Corticosteroids have slow onset of action, work by inhibiting gene expression, and are ineffective for acute symptom relief. 1 Chronic use leads to cumulative toxicity that outweighs any benefit. 1 The recent international guidelines have removed corticosteroids from the routine treatment algorithm for chronic urticaria. 3
Trigger Identification and Avoidance
Identify and minimize aggravating factors including overheating, stress, alcohol, aspirin, NSAIDs, and codeine. 1, 2, 5
Avoid NSAIDs in aspirin-sensitive patients with urticaria. 1, 2, 5 This cross-reactivity can significantly worsen symptoms.

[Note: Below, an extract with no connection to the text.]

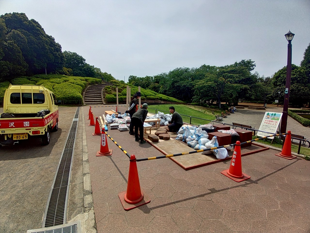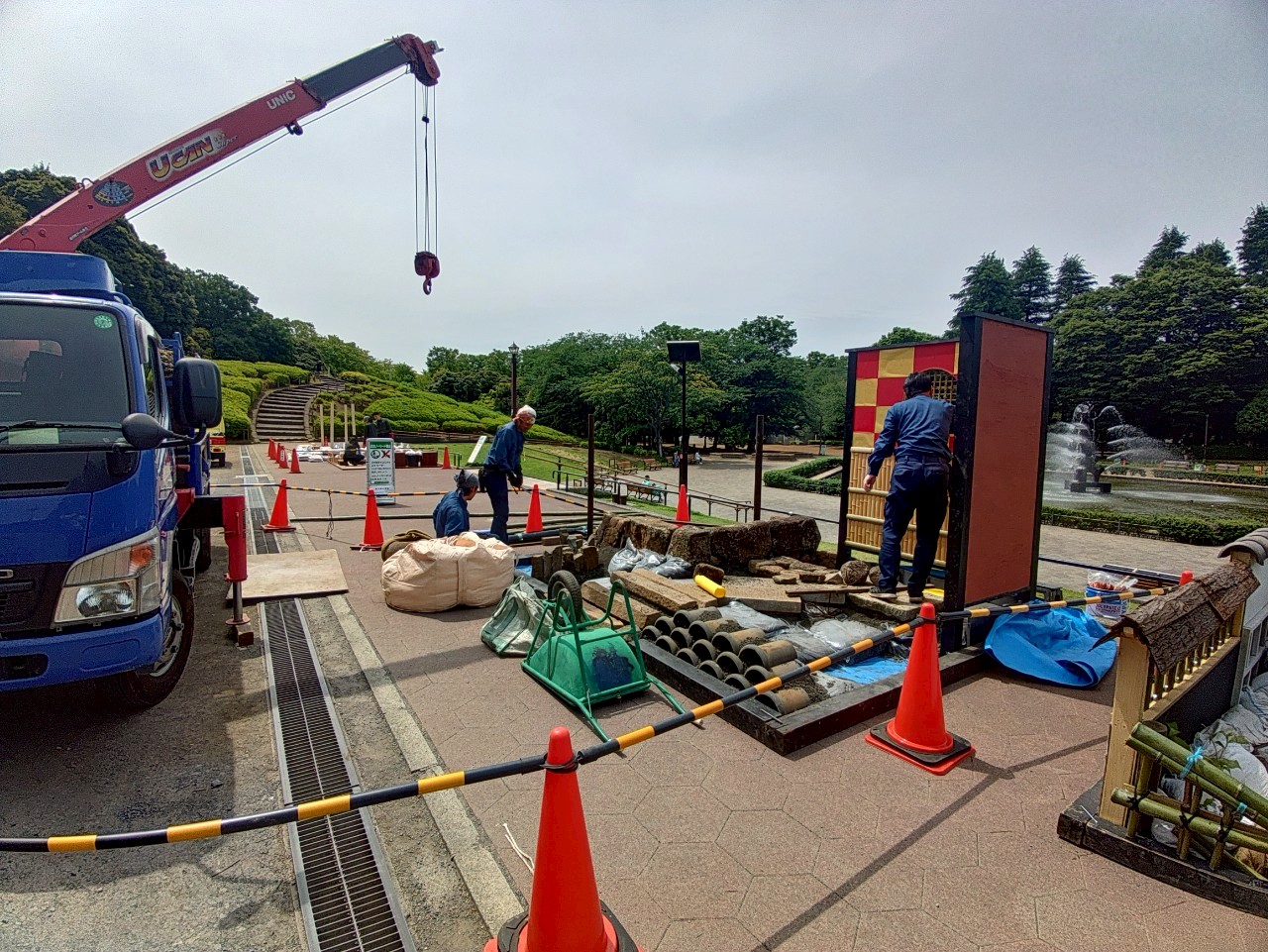 そして、噴水広場周辺では見本庭園の設置が始まっています。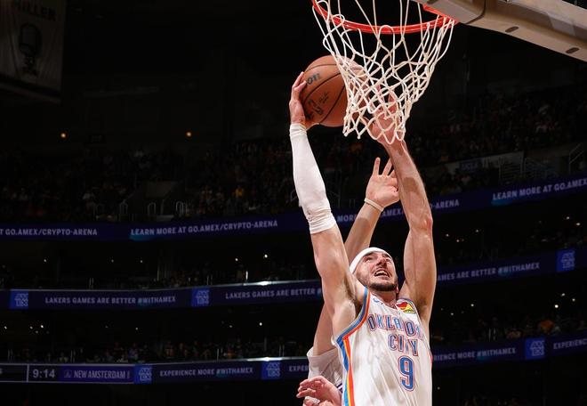 這又是湖人想念卡魯索的一天。北京時(shí)間2月10日,雷霆以119比110擊敗湖人??斔髅鎸?duì)舊主表現(xiàn)出色,替補(bǔ)24分鐘8投7中,三分4中3、罰球1中0,砍下17分1籃板2助攻1搶斷,正負(fù)值+19為全場(chǎng)最高。

Avoid ACE inhibitors in patients with angioedema without wheals, as these medications can precipitate or worsen angioedema. 1, 2, 5
Critical Management Pitfalls
Never use antihistamines or corticosteroids in place of epinephrine for anaphylaxis. 1 Antihistamines take 30-120 minutes to reach peak plasma concentrations and lack the vasoconstrictive, bronchodilatory, and mast cell stabilization properties of epinephrine. 1
Avoid first-generation antihistamines in acute infusion reactions, as they can exacerbate hypotension, tachycardia, and shock through their anticholinergic effects. 1
Special Population Adjustments
In moderate renal impairment: Avoid acrivastine; halve the dose of cetirizine, levocetirizine, and hydroxyzine. 1, 2
In significant hepatic impairment: Avoid mizolastine. 1, 2 Avoid hydroxyzine in severe liver disease. 1, 2
In pregnancy: Avoid antihistamines if possible, especially during the first trimester. 1, 2 If necessary, choose chlorphenamine due to its long safety record. 1, 2
Diagnostic Workup for Chronic Spontaneous Urticaria
Perform basic tests including differential blood count, C-reactive protein or ESR, total IgE, and IgG-anti-thyroid peroxidase levels to identify autoallergic or autoimmune-mediated disease. 3 Patients with autoimmune chronic spontaneous urticaria are more likely to have low total IgE levels and elevated IgG-anti-TPO. 3
A high ratio of IgG-anti-TPO to total IgE is currently the best surrogate marker for autoimmune chronic spontaneous urticaria. 3 This can help predict response to omalizumab versus cyclosporine.
Prognosis and Patient Counseling
Approximately 50% of patients with chronic urticaria presenting with wheals alone will be clear by 6 months. 1, 2 This provides realistic expectations for patients.
Patients with both wheals and angioedema have a poorer outlook, with over 50% still having active disease after 5 years. 1, 2 These patients require more aggressive management and longer follow-up.